VMware Tanzu Kubernetes Grid Management (VMware Tanzu Kubernetes Grid Management) (TKGm)

Cause

  • The Management Cluster creation is faling since the control-plane node is set with default gateway 0.0.0.0.
  • The DHCP server scope for the Management Cluster network is not configured with  With Option 3 (Router), which will be used to set the default gateway on the Management Cluster nodes.
  • The DHCP lease file located on the control-plane node is missing the ROUTER parameter.

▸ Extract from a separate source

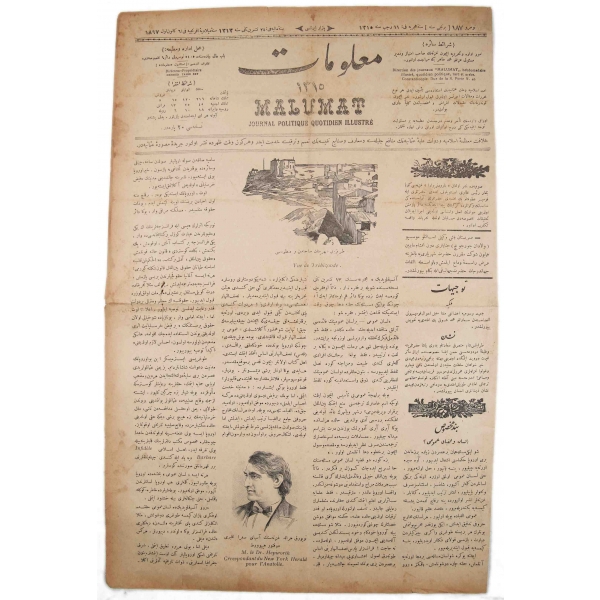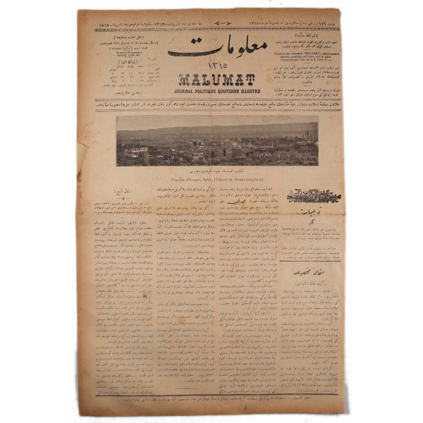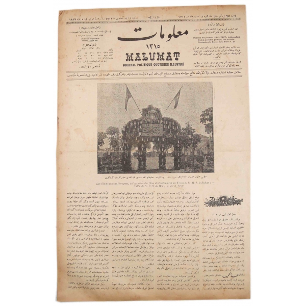 Malumat Gazetesi, Mehmed Fuad ile Artin Asaduryan’ın birlikte 48 sayı çıkarıp kapattıktan sonra Mehmet Tahir tarafından alınarak devam ettirilen ve yayın hayatının birinci yılından sonra Servet-i Fünun topluluğunu birleştirecek hareketler yaratan dergidir. 1894 tarihinde yayın hayatına başlamıştır. Muallim Feyzî, Hüseyin Dâniş ve Müstecabîzâde İsmet Bey gibi eski tarzda şiirler yazan şairlerin yanı sıra, başta Tevfik Fikret olmak üzere İsmail Safâ, Süleyman Nazif, Hüseyin Sîret, Abdullah Cevdet gibi genç isimler de yer almaktaydı. Malumat, devrin diğer mecmualarından farklı olarak resim ve fotoğrafa bolca yer vermekte idi. Bu özelliği dolayısıyla “Musavver Malûmat” adıyla da tanınacaktı. Derginin görselleri, dönemin ünlü ressamları ve fotoğrafçıları sayılan Abdullah Efendi ve Ressam Vefiyadis tarafından hazırlanmış olup dönemin paşaları, kasaba, şehir, rıhtım, iskele, okul, cami, gemi, savaş topları bazen tarihi mekânlar bazen de şehirlerde yer alan önemli devlet dairelerinin diğer unsurlar ile ilgili birçok fotoğraf bulunmaktadır. Fotoğrafın kime ya da nereye ait olduğu, fotoğrafın hemen altında Türkçe, Arapça ve Fransızca olarak açıklanmıştır.

# cat /run/systemd/netif/leases/2

# This is private data. Do not parse.
ADDRESS=x.x.x.5
NETMASK=255.255.255.x
SERVER_ADDRESS=10.x.x.6
T1=17018
T2=29781
LIFETIME=34036
DNS=x.x.x.8 x.x.x.9
NTP=x.x.x.1 x.x.x.2 x.x.x.3
HOSTNAME=ManagementCluster-controlplane-#####
CLIENTID=ffb6xxxxxxxxxxxxxxxxxxxxxxxxxxxxxxxxx109

Resolution

  • If the Management Cluster getting deployed using DHCP server, then the Management cluster scope on the DHCP server need to be configured with Option 3 (Router) to set the default gateway for the cluster nodes.
  • If the Management Cluster is been created using Node IPAM then the management cluster configuration file need to be edited to include the MANAGEMENT_NODE_IPAM_IP_POOL_GATEWAY parameter. see Configure Node IPAM in Management Cluster Configuration for vSphere.